→ **Raw data**:
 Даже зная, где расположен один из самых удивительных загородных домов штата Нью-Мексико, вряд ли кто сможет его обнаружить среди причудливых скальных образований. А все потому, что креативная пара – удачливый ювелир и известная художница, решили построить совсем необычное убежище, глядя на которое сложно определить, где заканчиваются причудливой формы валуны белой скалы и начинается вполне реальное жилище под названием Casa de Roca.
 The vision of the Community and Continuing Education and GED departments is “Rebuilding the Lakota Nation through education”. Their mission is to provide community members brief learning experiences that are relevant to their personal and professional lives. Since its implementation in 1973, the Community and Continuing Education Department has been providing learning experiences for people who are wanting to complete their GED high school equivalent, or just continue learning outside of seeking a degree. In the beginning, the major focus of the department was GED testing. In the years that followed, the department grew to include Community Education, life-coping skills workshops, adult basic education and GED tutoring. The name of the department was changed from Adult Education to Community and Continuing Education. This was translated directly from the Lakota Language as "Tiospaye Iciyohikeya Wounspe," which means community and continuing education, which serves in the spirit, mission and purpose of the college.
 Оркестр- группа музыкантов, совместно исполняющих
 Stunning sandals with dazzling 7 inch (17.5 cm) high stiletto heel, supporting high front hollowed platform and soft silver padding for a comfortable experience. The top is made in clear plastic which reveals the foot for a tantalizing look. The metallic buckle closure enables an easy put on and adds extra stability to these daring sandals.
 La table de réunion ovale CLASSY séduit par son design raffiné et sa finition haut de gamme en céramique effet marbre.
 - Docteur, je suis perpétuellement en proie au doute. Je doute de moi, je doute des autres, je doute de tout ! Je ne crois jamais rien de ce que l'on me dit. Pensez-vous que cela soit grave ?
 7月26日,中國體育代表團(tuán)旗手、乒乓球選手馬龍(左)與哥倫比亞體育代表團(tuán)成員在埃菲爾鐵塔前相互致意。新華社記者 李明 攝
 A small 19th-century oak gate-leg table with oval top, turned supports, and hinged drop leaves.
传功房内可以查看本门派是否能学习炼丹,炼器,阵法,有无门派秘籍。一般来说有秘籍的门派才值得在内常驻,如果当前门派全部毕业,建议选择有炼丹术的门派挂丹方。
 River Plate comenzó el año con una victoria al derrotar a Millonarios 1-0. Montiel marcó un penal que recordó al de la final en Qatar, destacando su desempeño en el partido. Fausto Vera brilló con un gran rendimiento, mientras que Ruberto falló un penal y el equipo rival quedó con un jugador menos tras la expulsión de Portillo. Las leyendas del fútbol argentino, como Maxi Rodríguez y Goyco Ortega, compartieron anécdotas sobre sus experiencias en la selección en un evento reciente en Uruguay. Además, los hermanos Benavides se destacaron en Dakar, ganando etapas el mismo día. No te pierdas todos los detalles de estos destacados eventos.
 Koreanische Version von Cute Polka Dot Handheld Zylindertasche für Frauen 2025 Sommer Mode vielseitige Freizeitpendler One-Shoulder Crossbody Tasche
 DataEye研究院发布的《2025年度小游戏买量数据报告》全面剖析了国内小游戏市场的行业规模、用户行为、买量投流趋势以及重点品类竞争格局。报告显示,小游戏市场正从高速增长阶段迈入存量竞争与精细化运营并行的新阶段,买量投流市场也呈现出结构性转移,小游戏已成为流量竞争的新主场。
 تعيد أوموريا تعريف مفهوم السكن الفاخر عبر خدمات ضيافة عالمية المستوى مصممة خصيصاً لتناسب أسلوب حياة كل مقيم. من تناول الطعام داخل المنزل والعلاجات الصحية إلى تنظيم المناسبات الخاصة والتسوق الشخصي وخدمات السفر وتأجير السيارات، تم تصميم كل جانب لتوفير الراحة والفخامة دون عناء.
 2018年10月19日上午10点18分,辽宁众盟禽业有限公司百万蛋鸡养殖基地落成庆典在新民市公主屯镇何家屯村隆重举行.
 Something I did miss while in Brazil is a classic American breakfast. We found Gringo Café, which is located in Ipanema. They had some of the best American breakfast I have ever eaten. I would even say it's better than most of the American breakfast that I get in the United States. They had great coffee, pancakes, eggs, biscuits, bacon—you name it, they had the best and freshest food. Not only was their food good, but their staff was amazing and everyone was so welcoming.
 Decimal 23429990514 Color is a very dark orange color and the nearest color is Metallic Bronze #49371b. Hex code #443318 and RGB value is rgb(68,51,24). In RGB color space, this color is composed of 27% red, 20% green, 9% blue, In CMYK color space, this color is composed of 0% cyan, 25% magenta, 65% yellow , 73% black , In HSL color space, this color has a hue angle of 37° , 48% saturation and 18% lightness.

→ **What to do**: The word is "with". Copy every line above where it appears.

→ **Result for this exercise**:
 Stunning sandals with dazzling 7 inch (17.5 cm) high stiletto heel, supporting high front hollowed platform and soft silver padding for a comfortable experience. The top is made in clear plastic which reveals the foot for a tantalizing look. The metallic buckle closure enables an easy put on and adds extra stability to these daring sandals.
 A small 19th-century oak gate-leg table with oval top, turned supports, and hinged drop leaves.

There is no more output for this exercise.